Change Management
Many environments require some kind of change management workflow -- changes must pass through multiple phases (e.g., development, testing, production) and often require approval to move between phases. How might such a system be built into Puppet, or built externally and integrated with Puppet?
This problem is usually known as "Change Management", and it must be solved for multiple problem spaces, including software development. We should be able to take examples from those other problem spaces, but I have not done sufficient research on those other spaces at this point (other than trawling the 'net but not finding much in the way of examples).
Potential Solutions
Rather than going through a complicated analysis of all of the options and what effect the different choices have, I'm just going to lay out what I consider to be the basic options, to provide a framework for discussion. From there, we can hopefully reduce the scope of discussion to the more obviously appropriate solutions.
Parse Trees in a Database
Because Puppet's language is declarative, it's relatively straightforward to model it with a database. It wouldn't necessarily be easy, but it would at least be straightforward. With everything in a database, you could provide an interface for selecting values based on whatever criteria you want, and those decisions could be implemented via conditional structures in the database. The approval process could also be relatively straightforward, because they become approvals of an SQL statement.
The downside of this solution, of course, is that it's a heckuva lot of work. First is creating the database modelling and the necessary interfaces into it, but you are also suddenly limited in code-sharing because you have to translate back and forth between SQL and Puppet code, and the scope of your solution is almost entirely open-ended -- where does your change management application end and Puppet begin?
Because of the open-ended nature of this solution, and the large amount of work involved, I do not think this is a good idea.
Functional Approval Lookup
The simplest solution is just to connect Puppet to an external approval mechanism via a Puppet function and simple keyword lookup. The approval system would have registered values that could be modified as necessary, and then the appropriate values could be looked up in the Puppet language:
package { apache:
ensure => approved("apache-version")
}
The biggest problem with this solution is that systems in different service levels vary by much more than just simple values -- sometimes a different package version has different dependencies or renames a file, and re-factoring an implementation often looks different enough from the original that the difference cannot be modelled with simple values.
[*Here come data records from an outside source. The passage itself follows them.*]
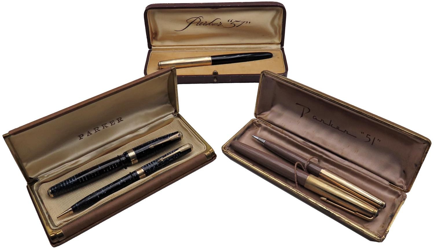 PARKER - Lotto di 5 penne in scatola originale - Le penne sono stilografiche e a sfera. Elementi in ottimo stato conservativo, alcune penne persino nuove, vendute in scatola originale. Esaminare foto o chiedere condition report.
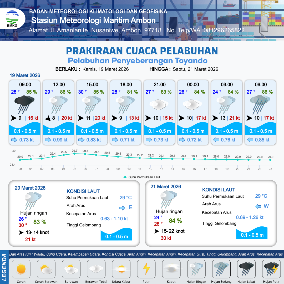 19 Mar 26, 10.00 Saat ini | Barat 9 kt Gust Peningkatan kecepatan angin yang singkat dan tiba-tiba : 20 kt | 0.1 m Tenang | Timur 0.7 Knot | 10 km | 28 °C | 81 % | -0.39 m | |
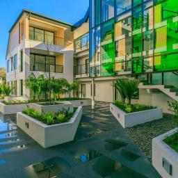 It is located at the end of a quiet cul de sac on the residential edge of Newmarket, Auckland's premiere shopping precinct.
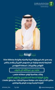 وأكد سعادته أن هذا التعيين تتويج لمسيرة حافلة بالإنجازات تجاوزت 15 عامًا، تنقّل خلالها المهندس الخليف بين مواقع قيادية في العمل البلدي وإدارة المياه وفرع الوزارة بمكة المكرمة، وأسهم في إدارة ملفات استراتيجية كبرى شملت مواسم الحج والأمن الحيوي وتطوير أسواق النفع العام وتعزيز خطط الطوارئ وتفعيل الدور الاستثماري، إضافة إلى إشرافه على مشروعات التحول المؤسسي وتكامل منظومة الفروع.
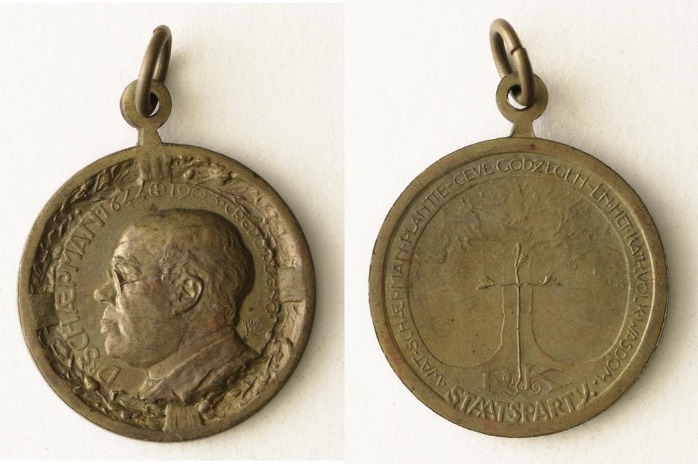omschrift voorzijde: DR.SCHAEPMAN . 1844 - 1903 CREDO . PUGO .
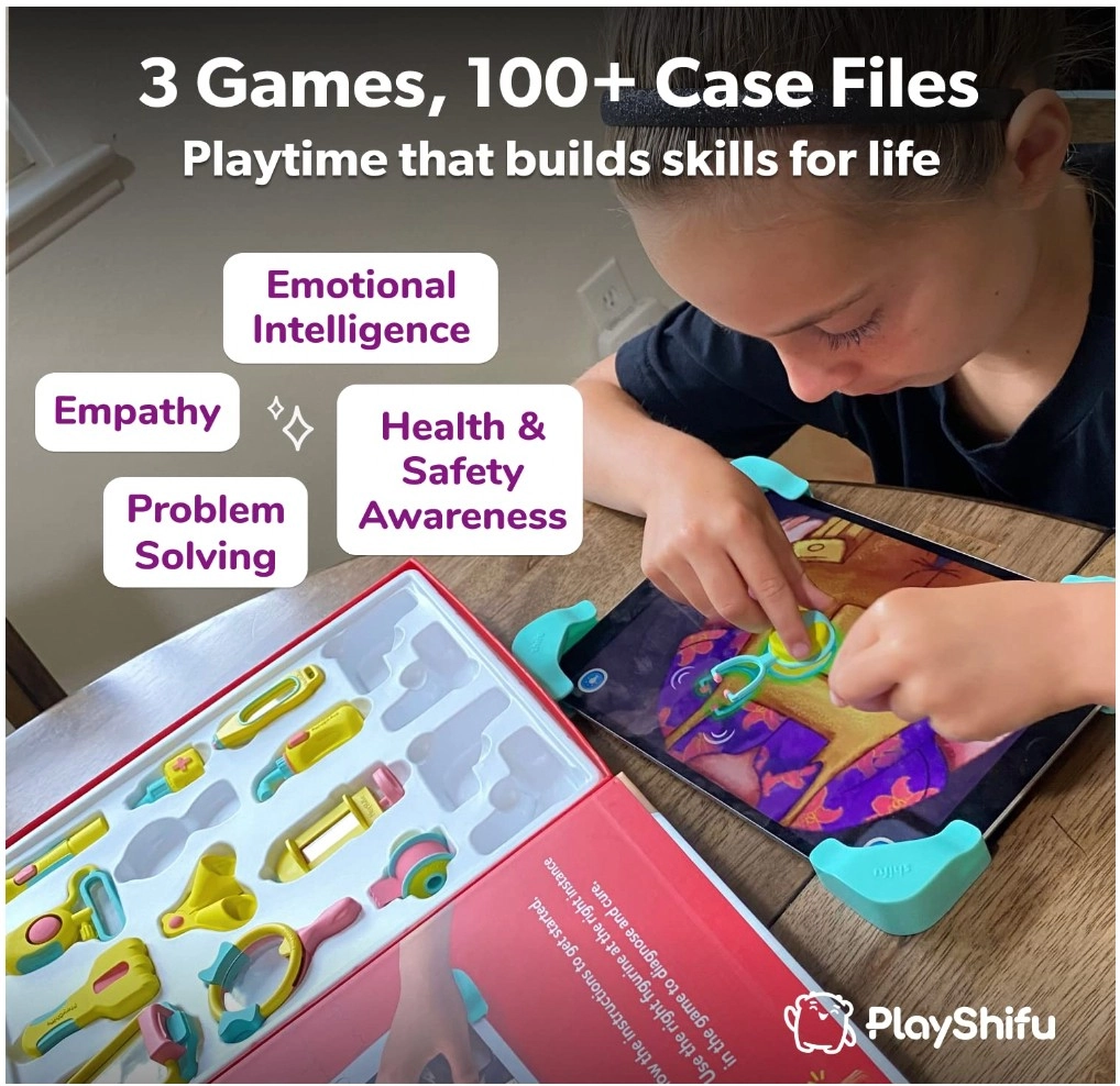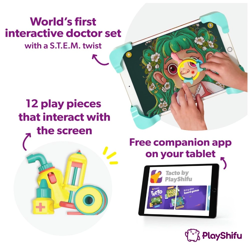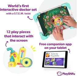 Превърнете таблета в детски кабинет с интерактивната игра ДОКТОР! Този умeн комплект за деца на 4–8 години комбинира истински лекарски инструменти с приложение и подпомага фината моторика, креативността и логическото мислене. Сетът съдържа 12 реалистични инструмента, практичен куфар и ъгли за закрепване на таблета – таблетът не е включен в комплекта.
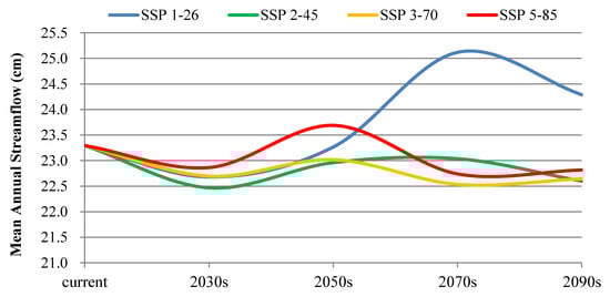 The estimates of the annual streamflow under various SSP scenarios in different future periods are illustrated in Figure 7. There were generally decreasing trends in the annual streamflow yields for most scenarios except SSP 1-26. For the two emission-controlled scenarios of SSP 1-26 and SSP 2-45, the annual streamflow initially decreased around the 2030s and then increased with a peak around the 2070s. The annual streamflow increased 7.83% in the 2070s under the strictly controlled scenario of SSP 1-26. For the two uncontrolled scenarios of SSP3-7.0 and SSP5-8.5, there was a relative peak in annual streamflow around the 2050s and then a decrease to a minimum around the 2070s. The annual streamflow decreased 3.27% in the 2070s under the moderate uncontrolled scenario of SSP 3-70. It was expected that there would be 2–3% decreases in annual streamflow by the end of this century for most scenarios except SSP 1-26, which assumed a strict limitation of warming below 2 °C. These results indicate that the warming trends of climate changes would result in lower water flows in the river channel, which probably result from the severe evapotranspiration that offsets the additional precipitation. Positive climate policies in controlling greenhouse gas emissions to mitigate global warming trends are effective in stabilizing the changes of watershed annual streamflow and benefit local water resource security.

The function could be enhanced to support returning code segments to apply, but then you're back to modelling Puppet elements in the database.
Version Control Solutions
Probably the easiest way to handle differences between machines with slightly different configurations is to create a branch in your version control system for each service level, and then create a mechanism for approving individual changes and merges between branches. This allows you to reuse the version control model for everything except the approval process. This approval process should not be too complicated, although it will almost certainly be tied to a specific version control system. You could use post-commit hooks for registering changes and merges and then have the approval system migrate approved changes and merges into a separate branch.
The big upside to this approach is that it's the most minimalist approach and thus the easiest, and it should support creating a decoupled approval system that could be used with any text-based system, and it should be relatively easy to hook into different version control systems. The downside is that it's entirely unsemantic -- approvers will get plain diffs, rather than semantic modifications (e.g., they'll get two lines mentioning the package version, rather than a single statement along the lines of "changing version from X to Y").
Filtering
This isn't really a complete solution, but it's an idea, anyway. There are multiple points at which a configuration could be filtered through an approval process.
The parse tree could be passed through an approval filter that modified it in some way, probably something like creating conditional structures where there previously were none. Alternatively, each individual host's compiled configuration could be passed through a filter which could fill in values based on the results of approvals. This option probably limits what can be done via the approval mechanism, because again it mostly affects values, not the elements themselves.
You could also potentially directly modify the database cache of host configurations via the approval mechanism, but I think that would again limit your flexibility while requiring too much knowledge of Puppet's internals.
Conclusion
This document is meant more as an entry point to discussion, rather than a real solution, so it should not be seen as a complete listing of options nor should it be expected to be complete. Hopefully it's sufficient to continue discussion, anyway.